--- Record set Enclosed Below ---

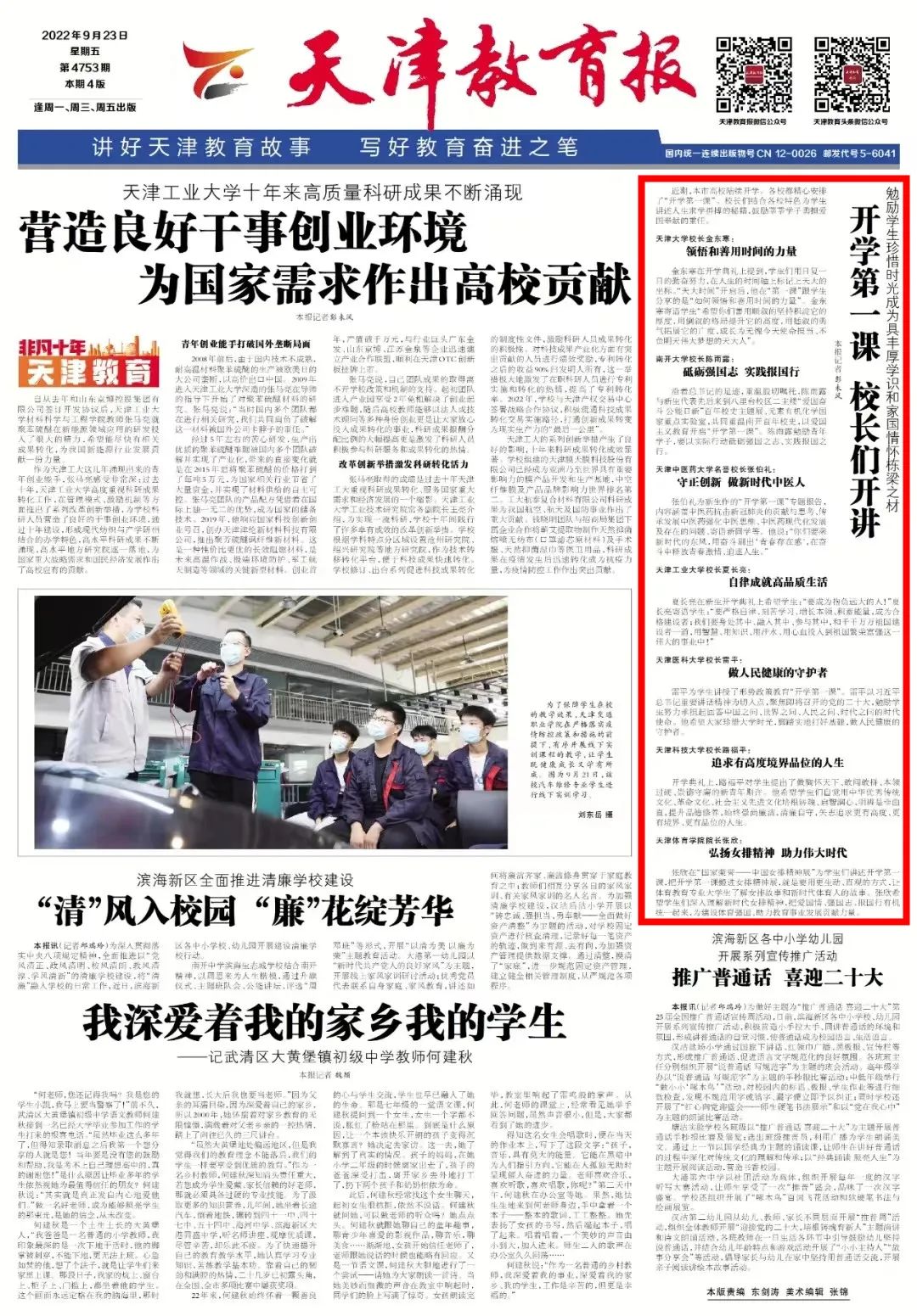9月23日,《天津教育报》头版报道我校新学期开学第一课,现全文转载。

--- End of Enclosed Record set ---
--- Record set Enclosed Below ---

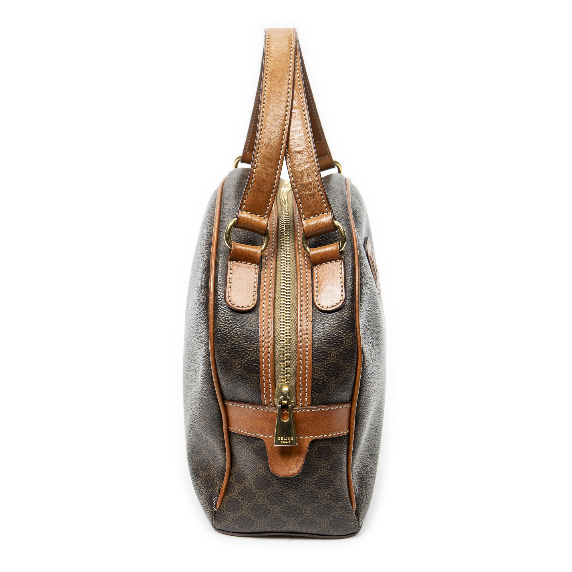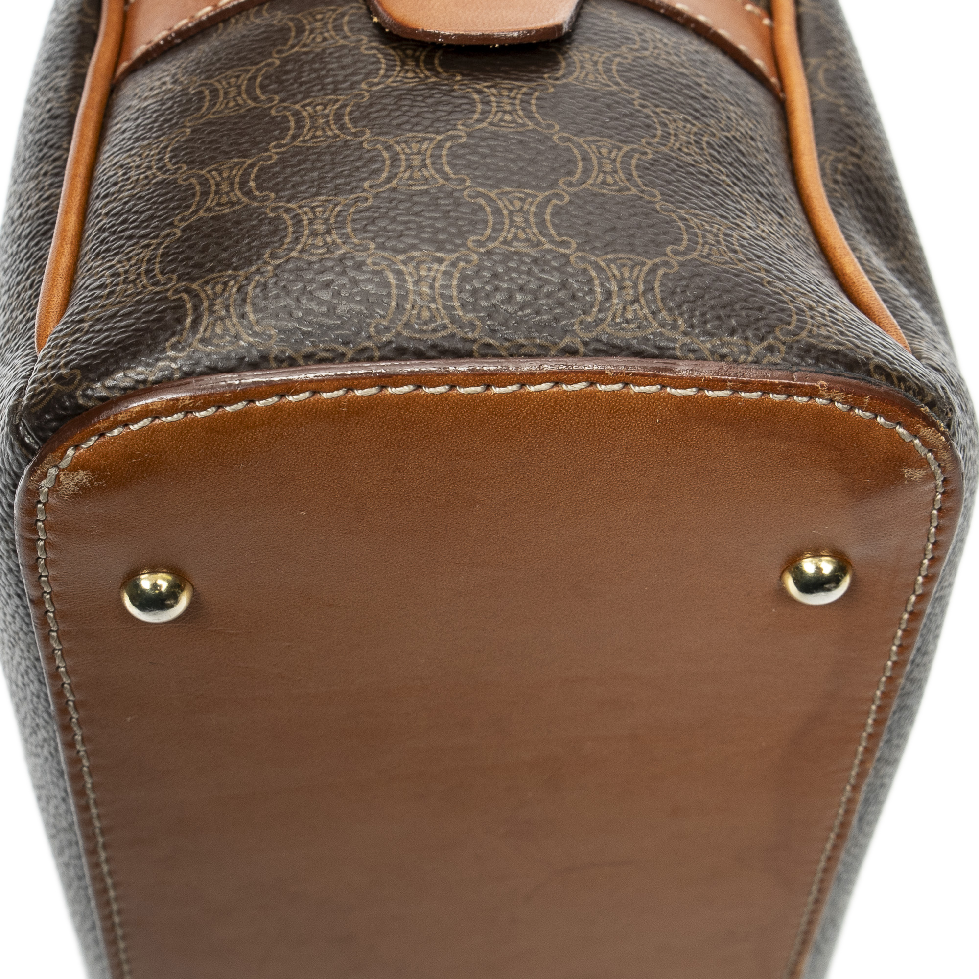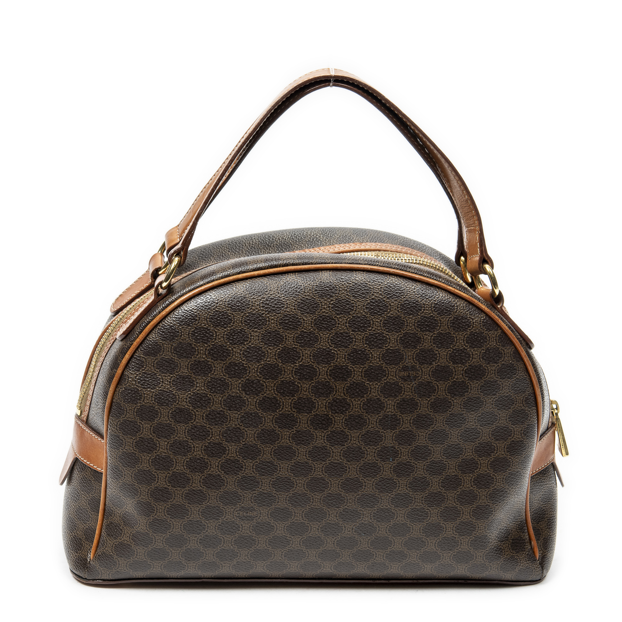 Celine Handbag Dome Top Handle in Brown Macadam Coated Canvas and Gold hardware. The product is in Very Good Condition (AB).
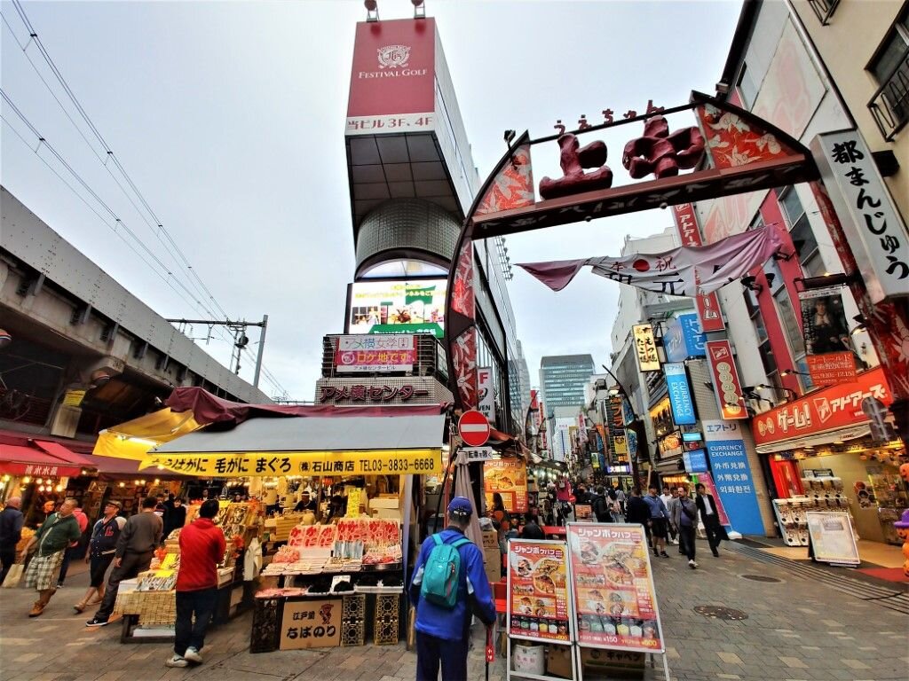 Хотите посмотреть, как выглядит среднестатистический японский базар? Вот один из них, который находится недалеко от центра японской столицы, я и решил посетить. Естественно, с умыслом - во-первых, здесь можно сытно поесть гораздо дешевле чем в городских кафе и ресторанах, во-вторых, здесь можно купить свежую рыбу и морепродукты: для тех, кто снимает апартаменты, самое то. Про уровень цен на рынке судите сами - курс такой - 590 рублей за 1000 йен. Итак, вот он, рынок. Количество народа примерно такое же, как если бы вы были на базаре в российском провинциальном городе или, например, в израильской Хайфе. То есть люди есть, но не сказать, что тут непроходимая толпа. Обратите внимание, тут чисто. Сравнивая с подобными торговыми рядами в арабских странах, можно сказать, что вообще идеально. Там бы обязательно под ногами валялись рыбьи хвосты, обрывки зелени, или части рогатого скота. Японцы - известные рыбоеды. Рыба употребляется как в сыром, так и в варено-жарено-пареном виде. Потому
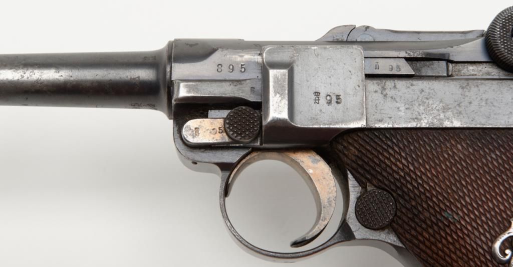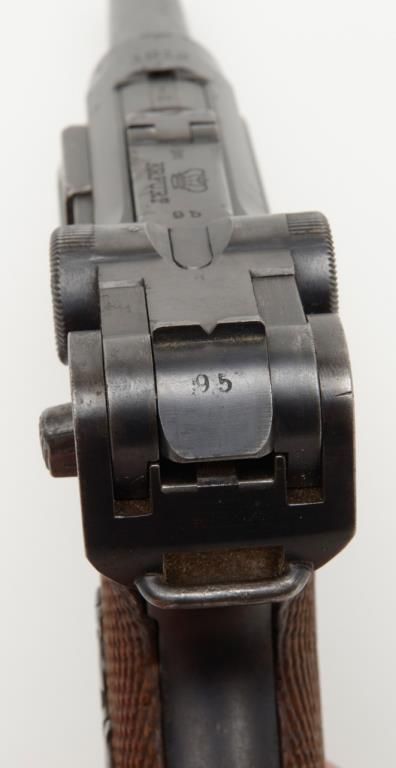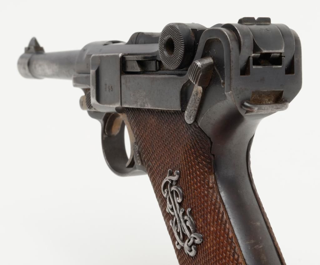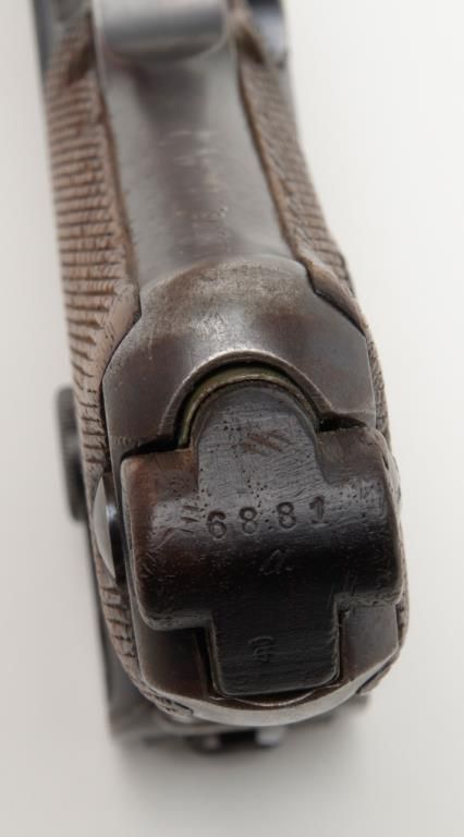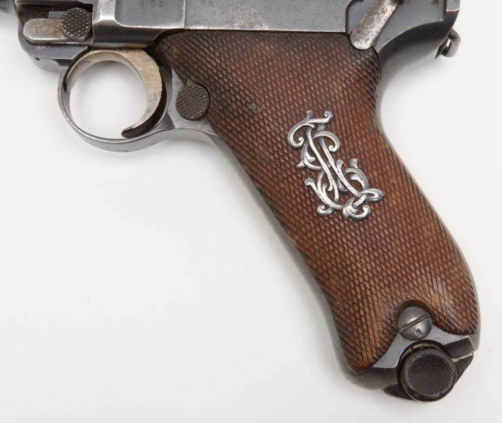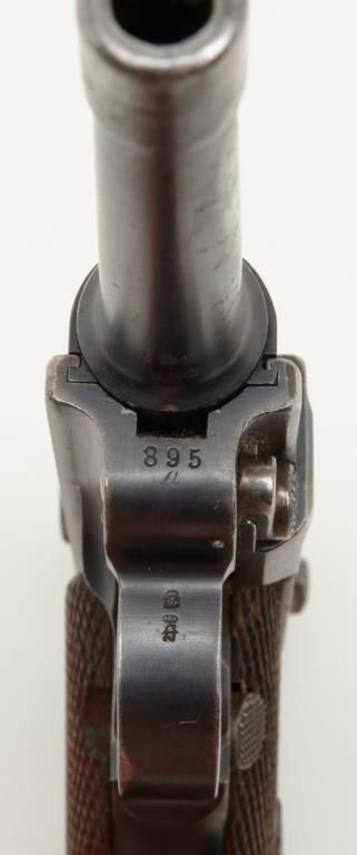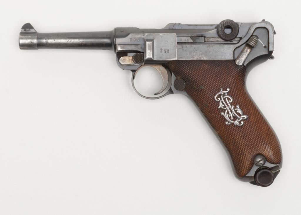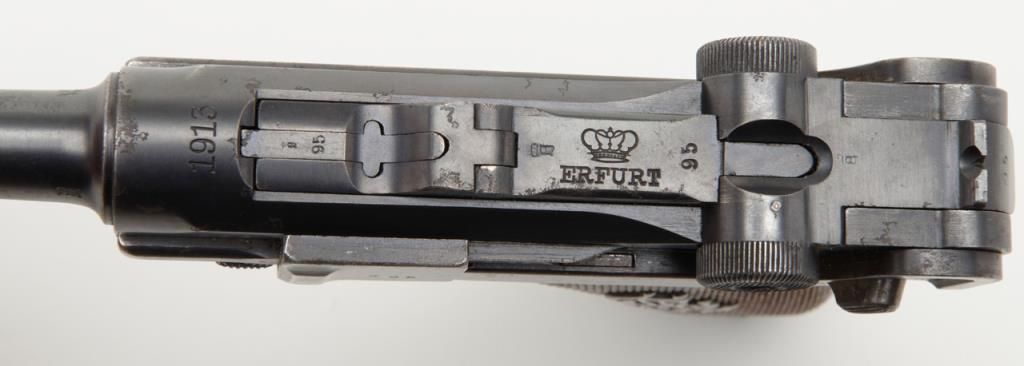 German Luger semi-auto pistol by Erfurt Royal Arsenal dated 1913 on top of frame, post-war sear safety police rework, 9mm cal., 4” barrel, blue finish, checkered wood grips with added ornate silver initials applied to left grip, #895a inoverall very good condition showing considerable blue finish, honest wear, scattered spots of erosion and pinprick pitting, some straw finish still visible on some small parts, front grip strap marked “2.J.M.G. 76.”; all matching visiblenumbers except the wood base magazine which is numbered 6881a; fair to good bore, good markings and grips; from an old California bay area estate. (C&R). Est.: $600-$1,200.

--- End of Enclosed Record set ---
--- Record set Enclosed Below ---

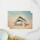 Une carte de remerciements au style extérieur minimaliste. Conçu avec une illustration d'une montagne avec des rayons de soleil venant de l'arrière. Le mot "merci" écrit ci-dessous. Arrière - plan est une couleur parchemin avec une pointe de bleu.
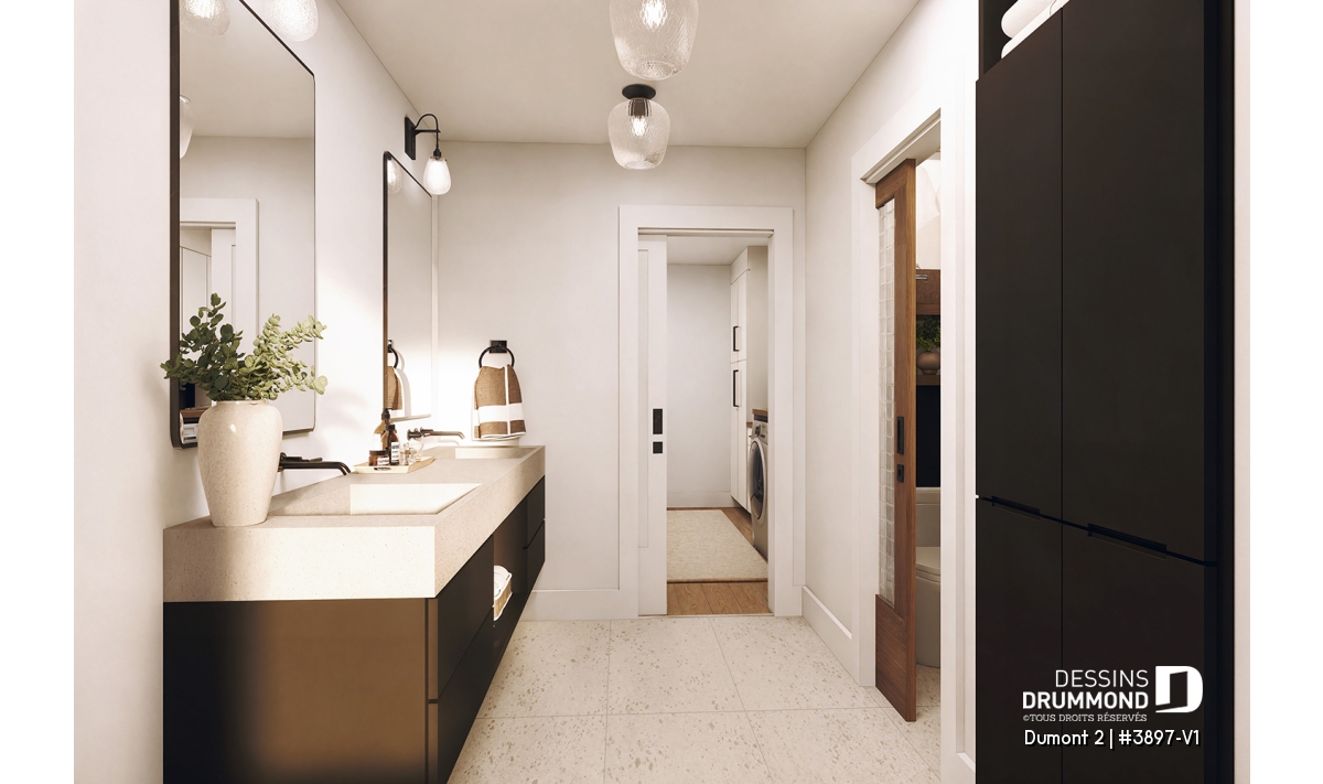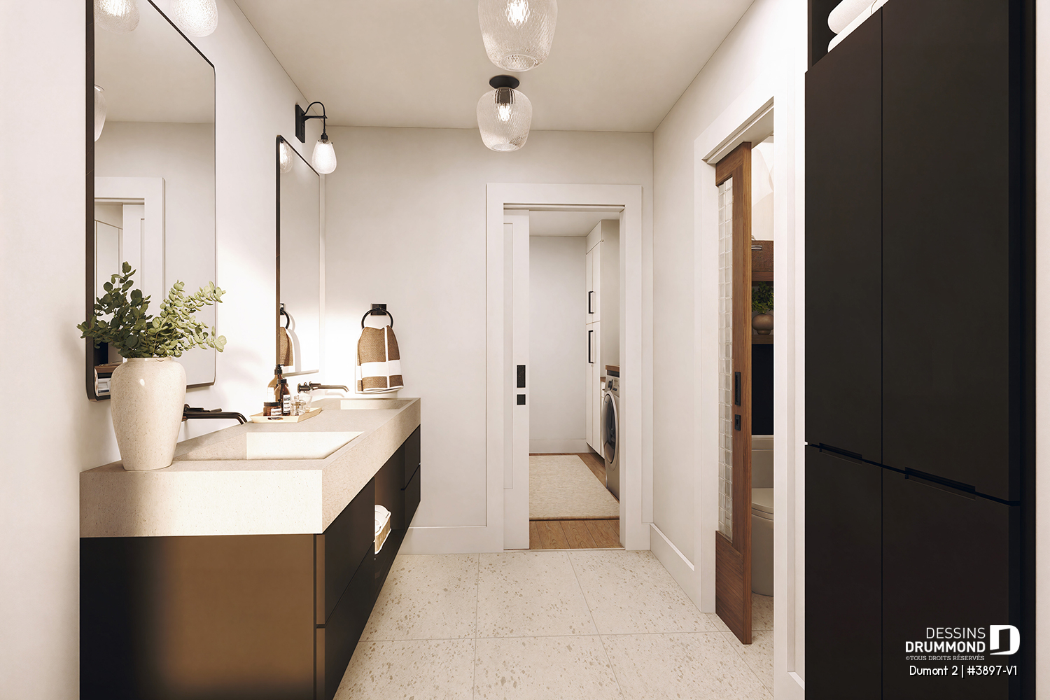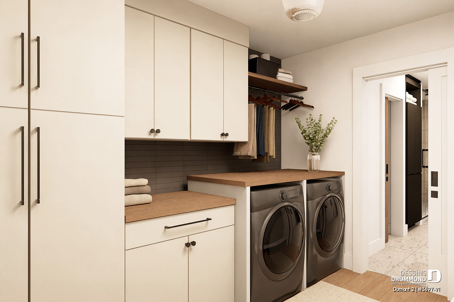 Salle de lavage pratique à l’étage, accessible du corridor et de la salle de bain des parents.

--- End of Enclosed Record set ---

(Work instructions): Would you copy out, exactly and with no pictures, only the lines above from the one that contains "Une carte de" through the one that contains "Salle de lavage"?

(Your response):
 Une carte de remerciements au style extérieur minimaliste. Conçu avec une illustration d'une montagne avec des rayons de soleil venant de l'arrière. Le mot "merci" écrit ci-dessous. Arrière - plan est une couleur parchemin avec une pointe de bleu.
 Salle de lavage pratique à l’étage, accessible du corridor et de la salle de bain des parents.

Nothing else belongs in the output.